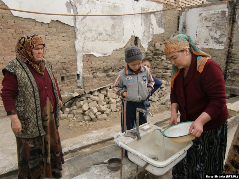 Umida, rinsing a bowl of rice in a makeshift sink as her two young sons hover nearby, says only the state can help repair relations in the south in the wake of the June violence. But she says such an outcome is unlikely.
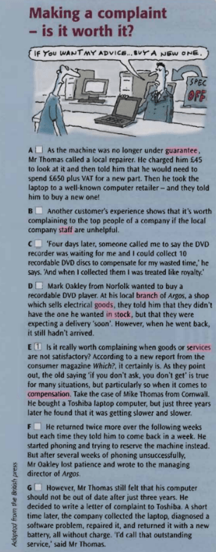NEF Student’s Book Reading slide 87 Making a complaint, is it worth it? Read the article about complaining and number the paragraphs in order 1-7
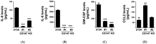 The selected four inflammatory cytokine levels in KKU-213A (213A) and CD147 KO clones (#1 and #2) CM. (A) IL-6, (B) IL-8, (C) GM-CSF, and (D) CCL2 levels are shown. The data are means ± SEM from representative experiments. ** p < 0.01, *** p < 0.001.
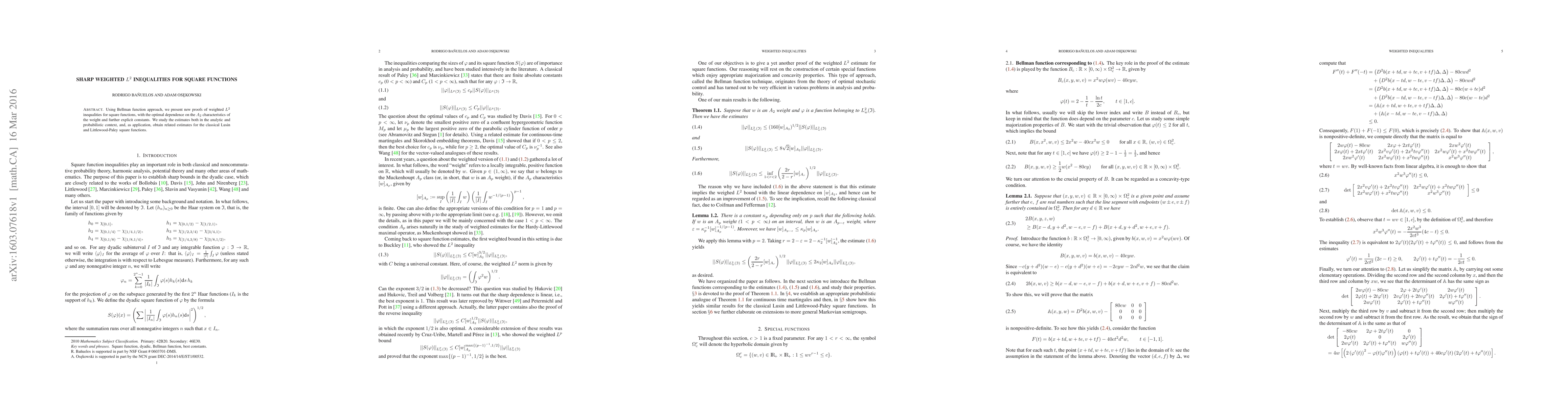 This paper presents new proofs of weighted $L^2$ inequalities for square functions using the Bellman function approach, achieving optimal dependence on the $A_2$ characteristics of the weight with explicit constants. The study extends to both analytic and probabilistic contexts, with applications to the classical Lusin and Littlewood-Paley square functions.
■ ■ ■ ■ ■
# [What is needed]
Repeat only the lines between the start of the data and the line with "The selected four", including those two lines, and skip the pictures.

# [Written response]
 Umida, rinsing a bowl of rice in a makeshift sink as her two young sons hover nearby, says only the state can help repair relations in the south in the wake of the June violence. But she says such an outcome is unlikely.
NEF Student’s Book Reading slide 87 Making a complaint, is it worth it? Read the article about complaining and number the paragraphs in order 1-7
 The selected four inflammatory cytokine levels in KKU-213A (213A) and CD147 KO clones (#1 and #2) CM. (A) IL-6, (B) IL-8, (C) GM-CSF, and (D) CCL2 levels are shown. The data are means ± SEM from representative experiments. ** p < 0.01, *** p < 0.001.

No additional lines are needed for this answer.